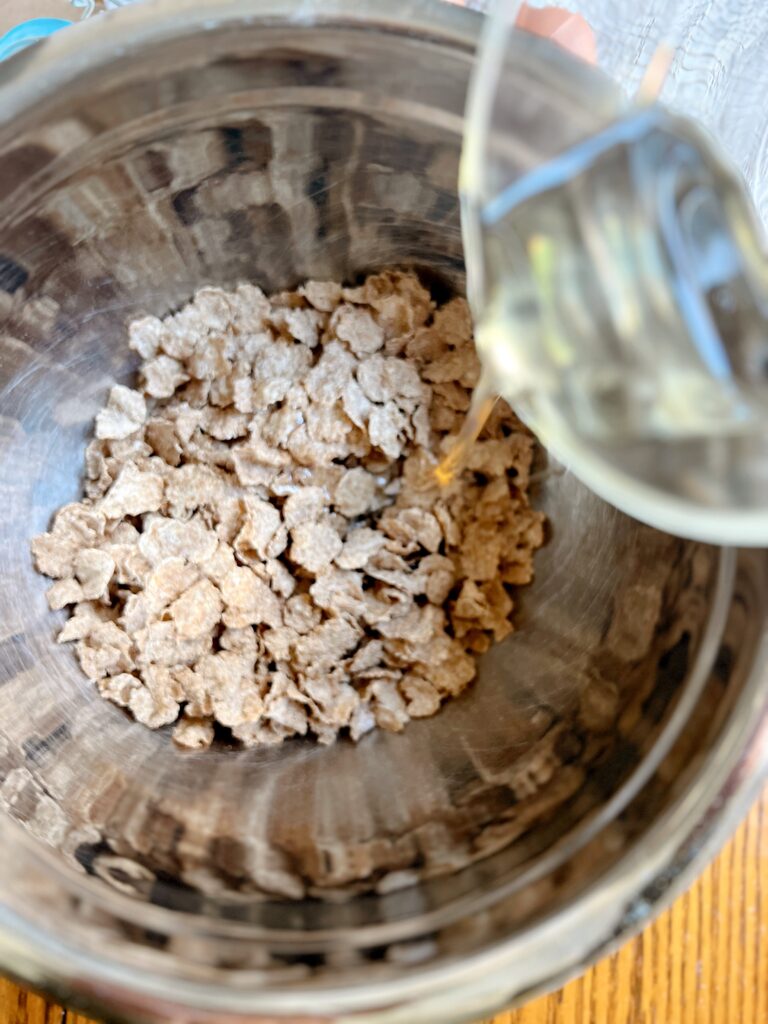 - Pour 2 cups of the bran cereal in large bowl and pour boiling water over it. Stir and set aside while assembling other ingredients.
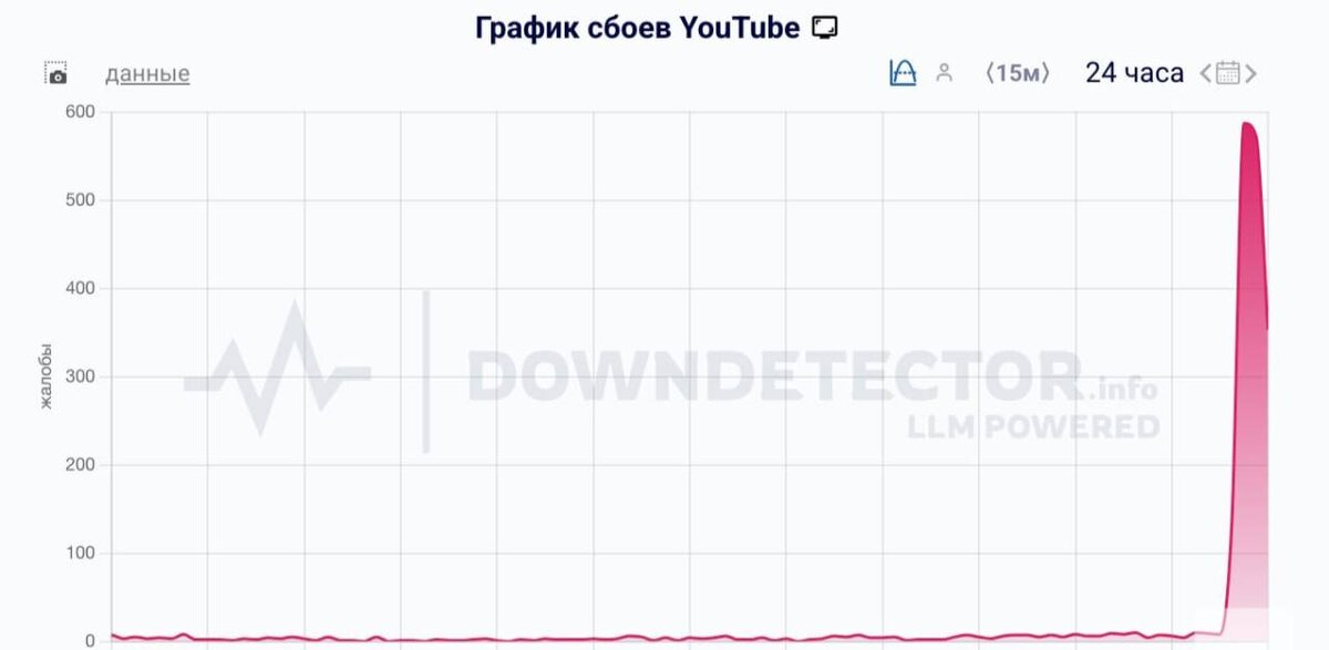Downdetector saytining ma’lumotlariga ko‘ra, Yevropaning bir qator mamlakatlarida YouTube xizmatida keng ko‘lamli uzilish sodir bo‘ldi
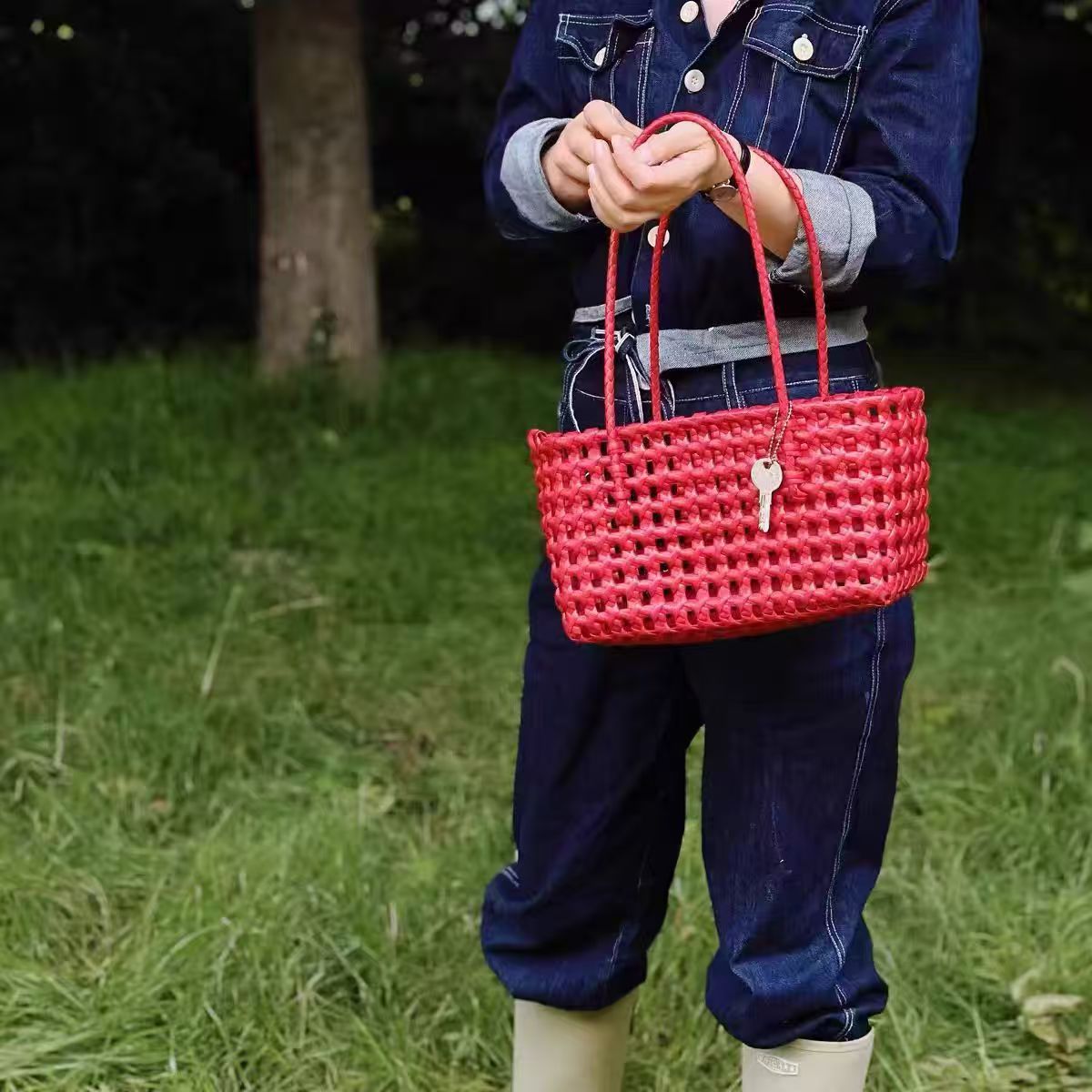 Keywords: hollow woven bag, straw tote bag, French basket bag, beach shoulder bag, summer handbag, vacation tote
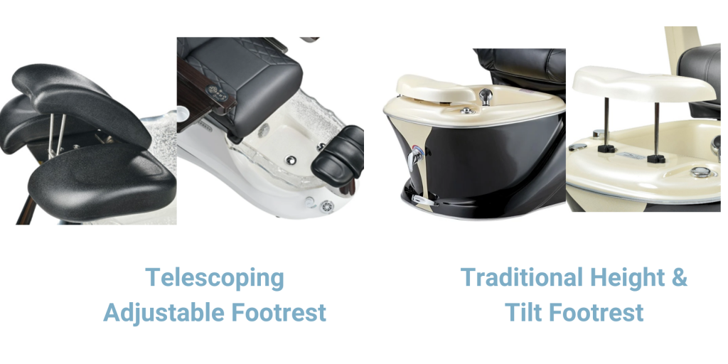 ■ Footrest: Evaluate which type of footrest configuration your desired pedicure chair has. Pedicure chairs with telescoping adjustable footrests like the J&A Empress GT Pedicure Spa allow each leg to be independently adjusted for height and posture while chairs like the Pibbs PS60 Siena Pedicure Spa come equipped with a more traditional height & tilt adjustable footrest for both feet.
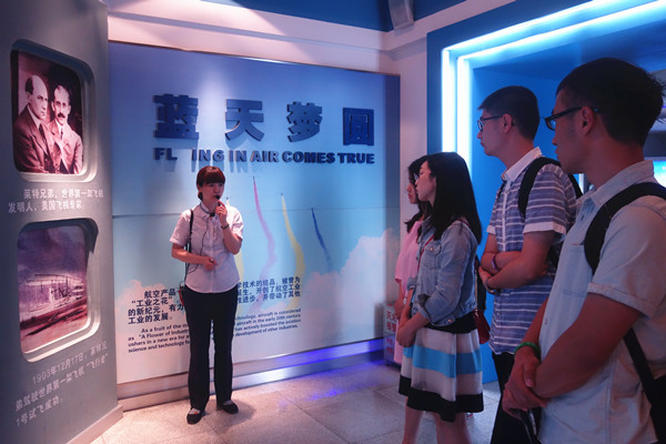 6月15日上午,师生一行来到中国航空工业集团公司沈阳飞机工业集团(以下简称沈飞)。同学们首先参观了公司航空博览园,在讲解员带领下了解了我国飞机设计与制造行业的发展历程,以及沈飞从飞机修理到制造的成长轨迹,并通过展馆内的实物展览和趣味游戏增进了对机载设备和设计流程的认识。随后,沈飞人力资源部员工管理处处长杨雨东热情接待了大家,他结合企业宣传视频简要介绍了公司概况和人才需求,并强调了飞机设计制造行业的发展机遇。民机加工分部校友郑东浩、制造工程部校友欧玲玲也与同学们分享了自己的就业选择和在沈飞的成长历程,并回答了相关问题。交流结束后,同学们还在杨雨东陪同下参观了框架制造车间,进一步了解了企业的生产设备和工作环境。
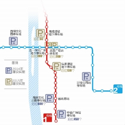 分别是湘府文化公园P+R停车场,位于湘府路-芙蓉南路西南角,泊位600个;地铁1号线中信广场站P+R停车场,位于韶山路-芙蓉南路东南角,泊位450个;地铁2号线沙湾公园站,位于劳动东路-白沙湾路西北角;西湖文化园停车场,位于枫林路与金星大道东北;芙蓉广场站停车场,位于五一大道与芙蓉路西北,泊位200个;五一绿化广场地下停车场,位于五一大道与黄兴路东北,泊位300个;湘雅路站地下停车场,位于湘雅路与黄兴路交叉口,泊位66个;侯家塘站地下停车场,位于劳动路,泊位130个。
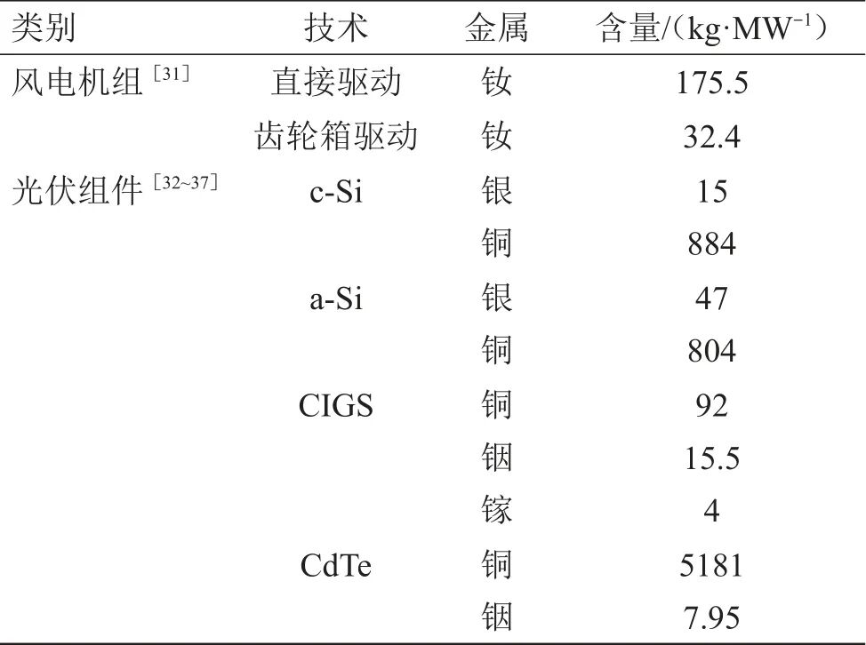 针对新能源领域材料需求和废弃量的研究主要涉及大宗材料、稀土材料。风电机组的塔架和地基大量使用钢铁和混凝土,仅到2018年我国风电行业累计材料用量即达到1.722×108 t(混凝土占75.9%、钢铁占17.9%)。对于稀土金属,2010年的国外评估表明,清洁能源设施约占世界关键材料消费量的20%,风电机组、光伏电站等使用的材料在短期内有供应中断的风险。到2030年,世界退役光伏组件的累计质量将为8×106 t;到2050年,世界退役光伏组件的累计质量将为8×107 t,超过电子废物总质量的10%。在我国,2050年光伏发电行业累计需求金属的预计值为:钢,1.414×108~1.867×108 t;铝,7.23×107~9.54×107 t;铜,1.32×107~1.74×107 t;相应需求量是2018年的17.3~22.8倍。
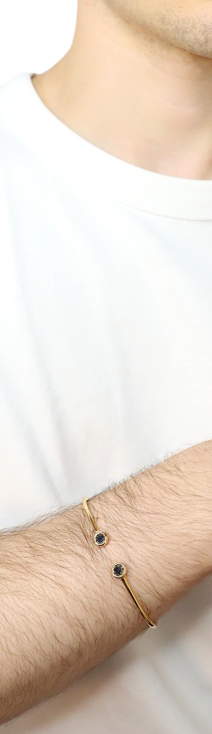 Bracelet Jonc en Or Rose 18 Carats avec Diamants Noirs
+--
An unchanged copy of the listing, with no pictures, should be returned.

(Result below)
 - Pour 2 cups of the bran cereal in large bowl and pour boiling water over it. Stir and set aside while assembling other ingredients.
Downdetector saytining ma’lumotlariga ko‘ra, Yevropaning bir qator mamlakatlarida YouTube xizmatida keng ko‘lamli uzilish sodir bo‘ldi
 Keywords: hollow woven bag, straw tote bag, French basket bag, beach shoulder bag, summer handbag, vacation tote
 ■ Footrest: Evaluate which type of footrest configuration your desired pedicure chair has. Pedicure chairs with telescoping adjustable footrests like the J&A Empress GT Pedicure Spa allow each leg to be independently adjusted for height and posture while chairs like the Pibbs PS60 Siena Pedicure Spa come equipped with a more traditional height & tilt adjustable footrest for both feet.
 6月15日上午,师生一行来到中国航空工业集团公司沈阳飞机工业集团(以下简称沈飞)。同学们首先参观了公司航空博览园,在讲解员带领下了解了我国飞机设计与制造行业的发展历程,以及沈飞从飞机修理到制造的成长轨迹,并通过展馆内的实物展览和趣味游戏增进了对机载设备和设计流程的认识。随后,沈飞人力资源部员工管理处处长杨雨东热情接待了大家,他结合企业宣传视频简要介绍了公司概况和人才需求,并强调了飞机设计制造行业的发展机遇。民机加工分部校友郑东浩、制造工程部校友欧玲玲也与同学们分享了自己的就业选择和在沈飞的成长历程,并回答了相关问题。交流结束后,同学们还在杨雨东陪同下参观了框架制造车间,进一步了解了企业的生产设备和工作环境。
 分别是湘府文化公园P+R停车场,位于湘府路-芙蓉南路西南角,泊位600个;地铁1号线中信广场站P+R停车场,位于韶山路-芙蓉南路东南角,泊位450个;地铁2号线沙湾公园站,位于劳动东路-白沙湾路西北角;西湖文化园停车场,位于枫林路与金星大道东北;芙蓉广场站停车场,位于五一大道与芙蓉路西北,泊位200个;五一绿化广场地下停车场,位于五一大道与黄兴路东北,泊位300个;湘雅路站地下停车场,位于湘雅路与黄兴路交叉口,泊位66个;侯家塘站地下停车场,位于劳动路,泊位130个。
 针对新能源领域材料需求和废弃量的研究主要涉及大宗材料、稀土材料。风电机组的塔架和地基大量使用钢铁和混凝土,仅到2018年我国风电行业累计材料用量即达到1.722×108 t(混凝土占75.9%、钢铁占17.9%)。对于稀土金属,2010年的国外评估表明,清洁能源设施约占世界关键材料消费量的20%,风电机组、光伏电站等使用的材料在短期内有供应中断的风险。到2030年,世界退役光伏组件的累计质量将为8×106 t;到2050年,世界退役光伏组件的累计质量将为8×107 t,超过电子废物总质量的10%。在我国,2050年光伏发电行业累计需求金属的预计值为:钢,1.414×108~1.867×108 t;铝,7.23×107~9.54×107 t;铜,1.32×107~1.74×107 t;相应需求量是2018年的17.3~22.8倍。
 Bracelet Jonc en Or Rose 18 Carats avec Diamants Noirs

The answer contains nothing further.